- IPC code: AND
- NPC: Andorran Adapted Sports Federation

in Pyeongchang
- Competitors: 1 in 1 sport
- Medals: Gold 0 Silver 0 Bronze 0 Total 0

Winter Paralympics appearances (overview)
- 2002; 2006; 2010; 2014; 2018; 2022; 2026;

= Andorra at the 2018 Winter Paralympics =

Andorra sent competitors to the 2018 Winter Paralympics in Pyeongchang, South Korea. They competed in para-alpine skiing. The country first went to the Winter Paralympics in 2002. When they arrived in Pyeongchang, they competed in their fifth Winter Paralympics.

== Team ==
The International Paralympic Committee confirmed that Andorra would compete at the 2018 Winter Paralympics.

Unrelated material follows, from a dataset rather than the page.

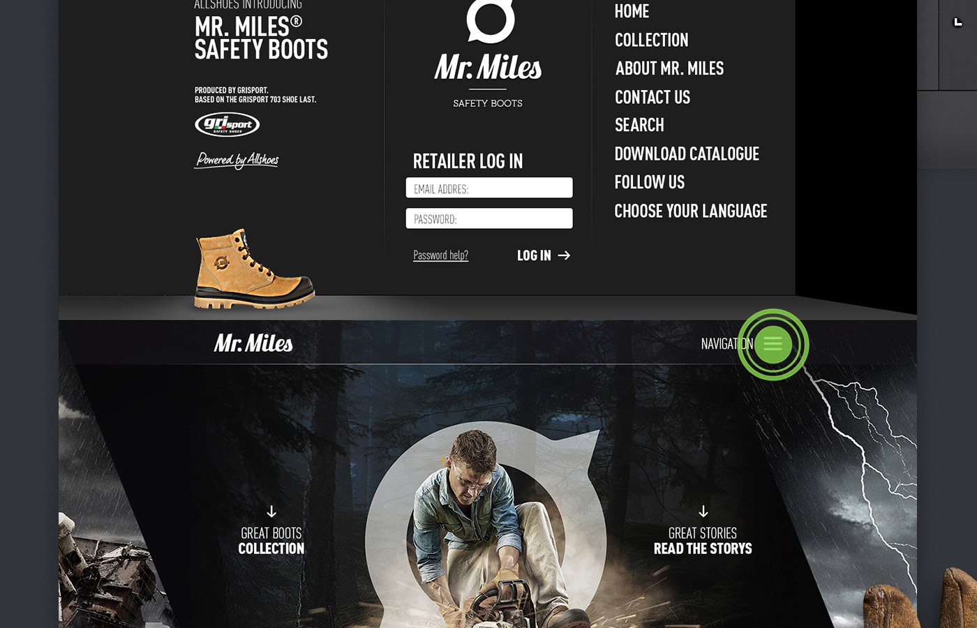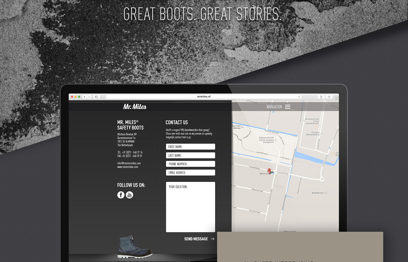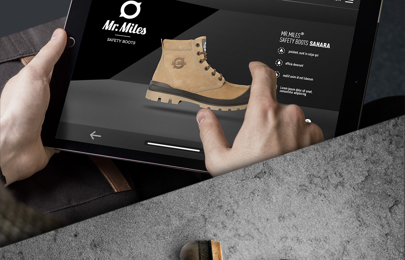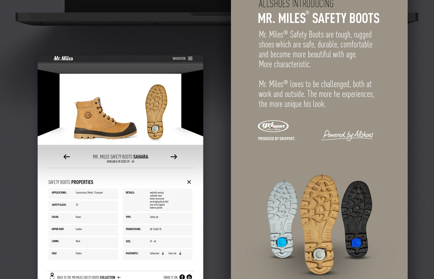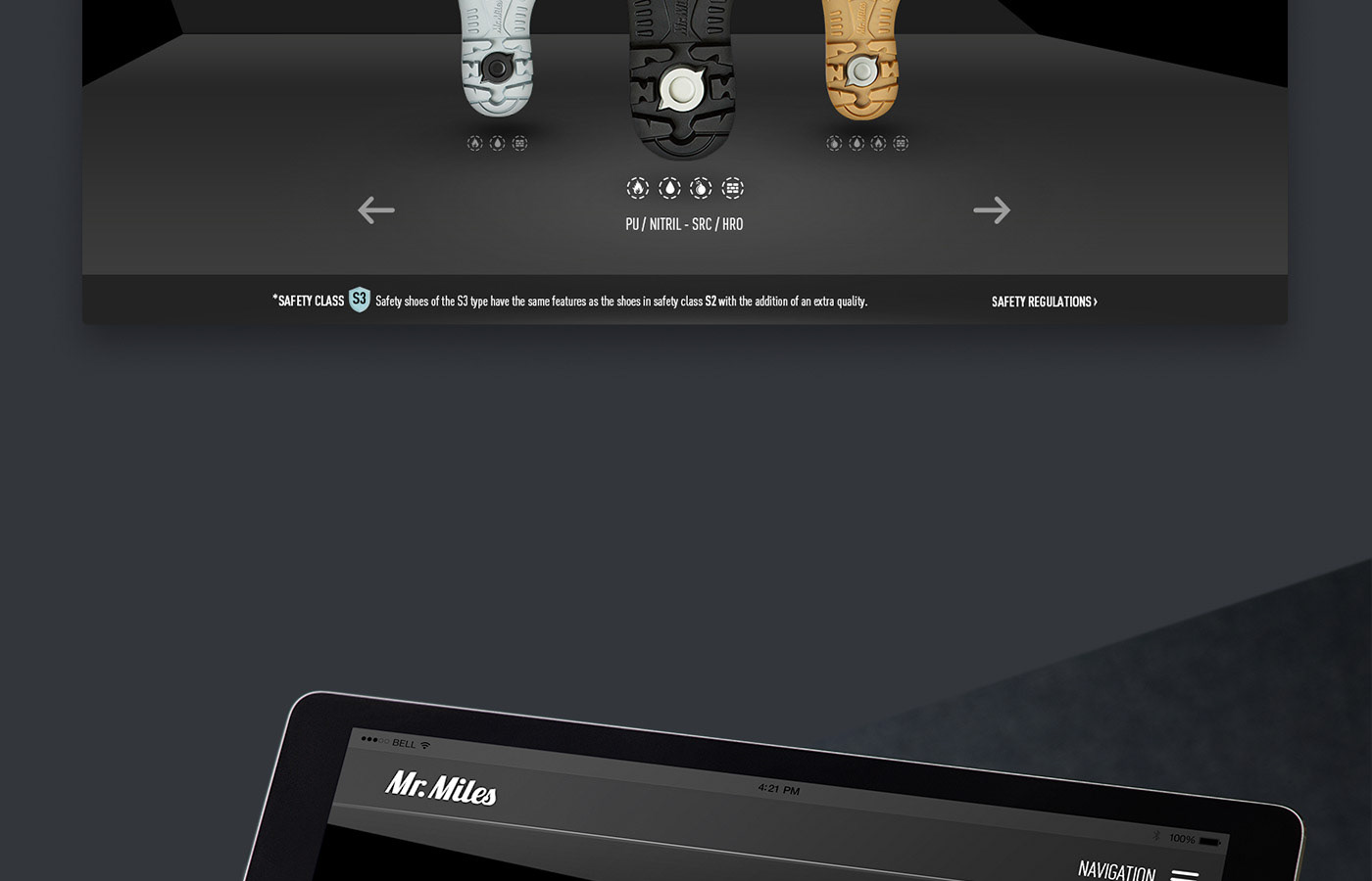 Concept, key visuals and webdesign for the Mister Miles - Safety Boots.

The table below contains the list of members of people (called "Team Andorra") that participated in the 2018 Games.

Team Andorra
| Name | Sport | Gender | Classification | Events | ref |
|---|---|---|---|---|---|
| Roger Puig | para-alpine skiing | male | LW9.2 |  |  |

== History ==
The country first went to the Winter Paralympics in 2002. When they arrived in Pyeongchang, they competed in their fifth Winter Paralympics. Their best finish at the Winter Games was in 2010, when Paquita Ramirez Capitan was ninth in the women's Giant Slalom.